# Pinball for Vista!!!



## Pinchy (Mar 25, 2007)

Ive done a lot of searching trying to look for and download the Windows XP pinball to put on Vista (A family member REALLY likes it).

I know a lot of people who wanted it as well. So here it is, the XP pinball. Just unzip and off you go 

I got the files straight from my XP computer , and it works fine on Vista.


----------



## Wile E (Mar 25, 2007)

He's a pinball wizard.... ooops, showin my age again. lol


----------



## Namslas90 (Mar 25, 2007)

Should allready be in XP. Just type Pinball into the run box in start menu.  I wonder it that will work on Vista, anybody want to try?


----------



## Pinchy (Mar 25, 2007)

Na, Vista didnt come with pinball...it got replaced by some lame game called "ink ball"


----------



## Wile E (Mar 25, 2007)

It works fine in Vista, Except it changed my theme out of Aero. Only when I went to full screen, but it seemed to change back when I closed it.


----------



## Pinchy (Mar 25, 2007)

What the pinball?

Didnt change it for me


----------



## Wile E (Mar 25, 2007)

See edited post above you Pinch.


----------



## Pinchy (Mar 25, 2007)

You edited it after i posted


----------



## Namslas90 (Mar 25, 2007)

It's not on this list of Vista Run commands, but hey Vista is still new.  Also you have to enable Run command access , See link;

http://www.fixmyvista.com/content/view/23/26/


----------



## Pinchy (Mar 25, 2007)

Yeah i have Run, but im just saying, Pinball isnt there cus it wasnt installed on the OS


----------



## BXtreme (Mar 25, 2007)

ahh, thx works in 2k3 too


----------



## rhythmeister (Mar 25, 2007)

Thanks, I didn't even know how to get it!


----------



## GALAKTOS (Jul 25, 2008)

Is there any possibility to change the language of the game, for example to German?
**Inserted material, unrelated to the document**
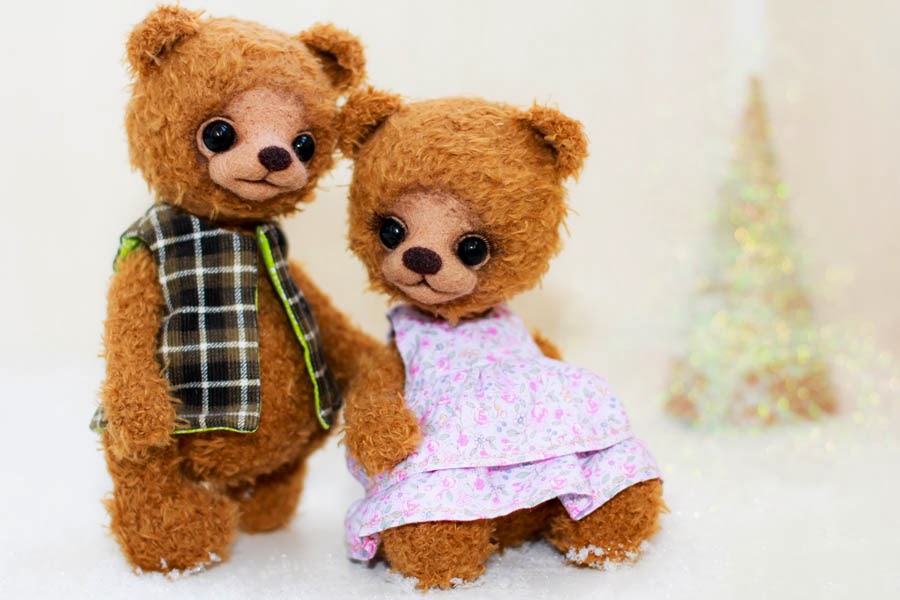 Росточком малыши 17 см. Материалы: фактурная пряжа, холлофайбер, шплинты, сухое валяние, тонировка. На девочке очаровательное хлопковое платье, на парне хлопковый пиджачок. Огромное спасибо моей мамуле на одежду)))
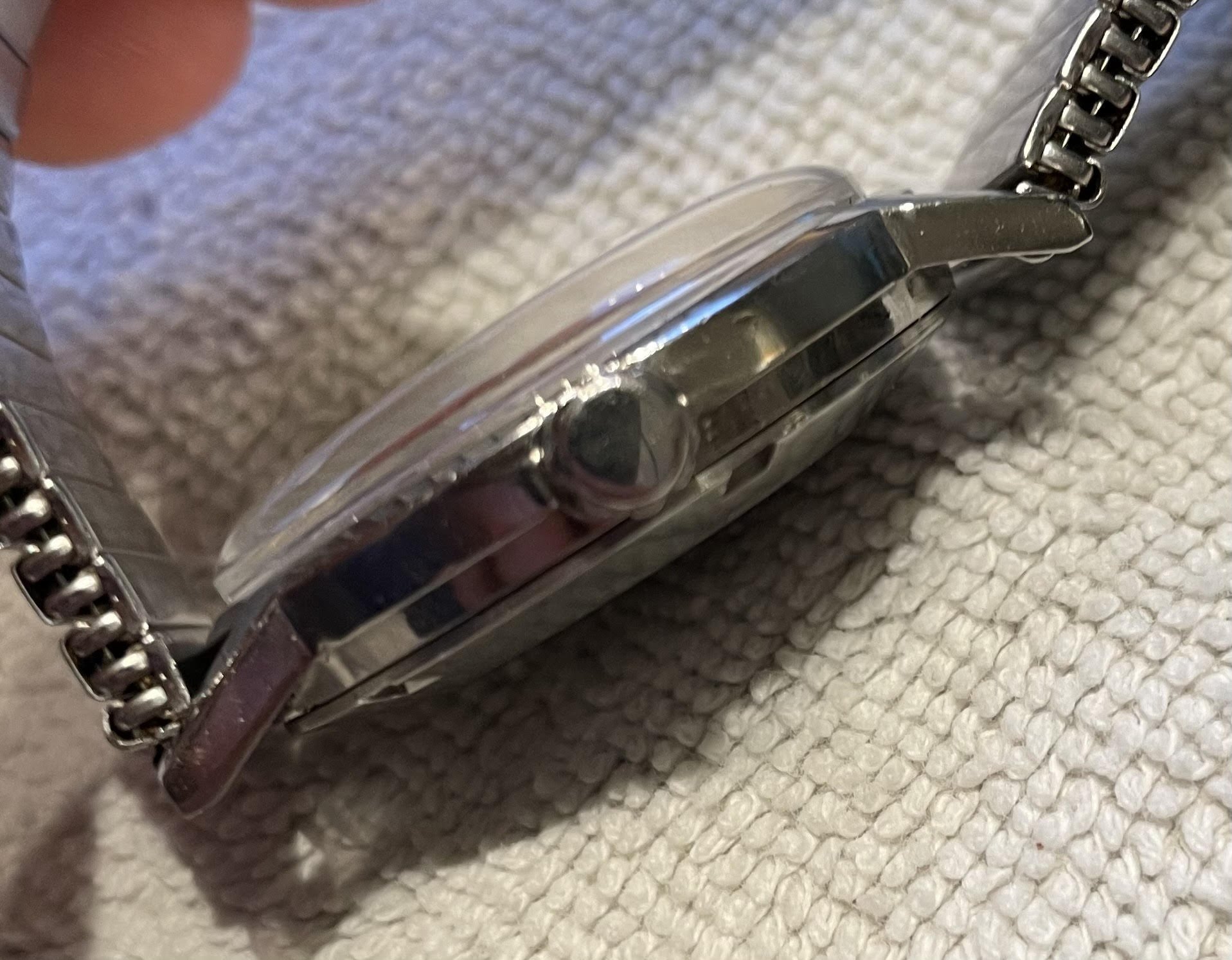 The workshop had a look at the movement, and it was an authentic Omega Movement, but not the 601 manually wound movement. The workshop also replaced the crystal and crown, as they were in bad shape.

Or are the texts like "Awaiting Deployment" and "Hit Mission Targets To Select Mission" Graphics which you can´t edit?


----------



## VVN (Jan 6, 2010)

*Not working in Vista Business*

It says the zipped folder is invalid when i try to explore it, and says the zipped folder is empty when i try to extract.


----------



## CJCerny (Jan 6, 2010)

Once you get tired of the lame pinball that came with XP, it's worth a few minutes to try out the LittleWing products.

http://www.littlewingpinball.com/contents/en/downloads.html

PinballMAME is also worth looking into.


----------